Unfortunately, the study methodology itself does not make for an easy read. That's because 'preliminary statistical analysis of the spending data indicated considerable uncertainty surrounding estimates of the impact of the value-based insurance intervention on aggregate spending.' In response, the authors conducted a 'break-even analysis.'

And just what is a break even analysis? If you're interested, read on. Otherwise, skip to the next paragraph so you don't need to read that BEA solves a set of simultaneous equations to identify the assumptions necessary to justify the belief that the intervention broke even by calculating the ratio of adherer to non-adherer costs (adherence effectiveness) that would allow the firm to break even by simultaneously solving the equations for the following: (1) pre-VBID cost, (2) post-VBID cost, (3) the percentage who adhere post-VBID, (4) an effectiveness impact equation that produces dollars spent on adherers, and (5) increased drug cost.

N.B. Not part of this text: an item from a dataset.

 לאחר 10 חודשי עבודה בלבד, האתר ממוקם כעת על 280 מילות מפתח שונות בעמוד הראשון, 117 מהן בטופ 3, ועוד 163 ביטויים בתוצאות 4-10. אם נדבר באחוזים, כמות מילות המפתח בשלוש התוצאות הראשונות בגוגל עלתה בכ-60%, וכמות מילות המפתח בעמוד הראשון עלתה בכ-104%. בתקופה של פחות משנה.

This particular VBI study involved one employer that reduced copayments for the five classes of drugs that truly reduce the morbidity and mortality of a number of chronic diseases: ACEs, ARBs, beta blockers, diabetes medications and inhaled corticosteroids. Generic medications in any of these classes were free and the co-pays for 'preferred' and 'non-preferred' brand drugs were discounted by 50% to $12.50 and $22.50, respectively. Eligibility for a drug discount was defined by any past or current use of any of these medications; anyone that appeared to be eligible was sent a letter announcing that the VBI medication discount program was underway. The program was implemented by ActiveHealth Management, a 'comprehensive, telephonic, nurse-staffed program' that is an independent Aetna subsidiary.

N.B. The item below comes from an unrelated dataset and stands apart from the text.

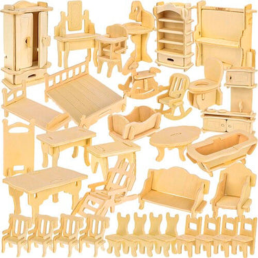 DIY möbelset i trä för dockhus som låter barn bygga och inreda egna rum. Delarna stansas ut från plywoodark och monteras enligt medföljande instruktioner. Sandpapper ingår för att slipa kanter och få en jämnare finish innan möblerna används eller målas. Setet innehåller 34 olika möbler och tillbehör som passar för flera typer av dockhusmiljöer, exempelvis säng, bord, stolar, garderob och piano. Ett praktiskt val för pyssel, kreativ inredning och lek där barnet själv bestämmer uttrycket.

The authors calculated the outcomes associated with a 3%, 4% and 5% increase in drug use in response to the better prices and found that there would be a 9%-17% decrease in individual 'nondrug' health care services, leading to at least a break even. Given how relatively "blunt' the intervention was (it wasn't limited to patients most likely to benefit and wasn't accompanied by co-pay increases for low value items), the authors argued VBI has the potential to generate significant savings.

And kudos to the authors for pointing out the limitations of their study: the calculations didn't account for the portion of ActiveHealth's fees devoted to administering the VBI, for patients that may only take some of their medications and for assuming all other cost drivers would remain stable during the period of study.

What can the DMCB conclude after reading this?

First off, value based purchasing is one of many options underway in the commercial insurer market. Not only does this speak to the ability of this health care sector to look for novel approaches to addressing health care costs, but is a role model for government health insurance programs.

Second, this is another telling example that the industry is not your old 'disease management' anymore. Telephonic nurse-based management programs are being synergistically paired with other sophisticated interventions - such as novel health insurance co-pay designs - that result in approaches that are greater than the sum of its parts.

Third, this is an excellent demonstration of how important it is for disease management organizations to not only measure and document their outcomes, but to put their findings up for peer review. Kudos to ActiveHealth for not only running a business but doing their part to advance the science of population-based care (even if it's curiously absent from their web site). When it comes to medicine, this is the price of doing business.

Lastly, the DMCB wonders if the growth of tying 'value' to consumers' out of pocket costs will lead to corresponding increases in the out-of-pocket costs for services that are deemed less cost effective by insurers and patients. Could this mean that the prognosis for business-as-usual provider 'cost-plus' fee schedules has decreased somewhat? Will comparative effectiveness research catch up to what the market is already doing, or will it accelerate it or have no effect at all? Time will tell.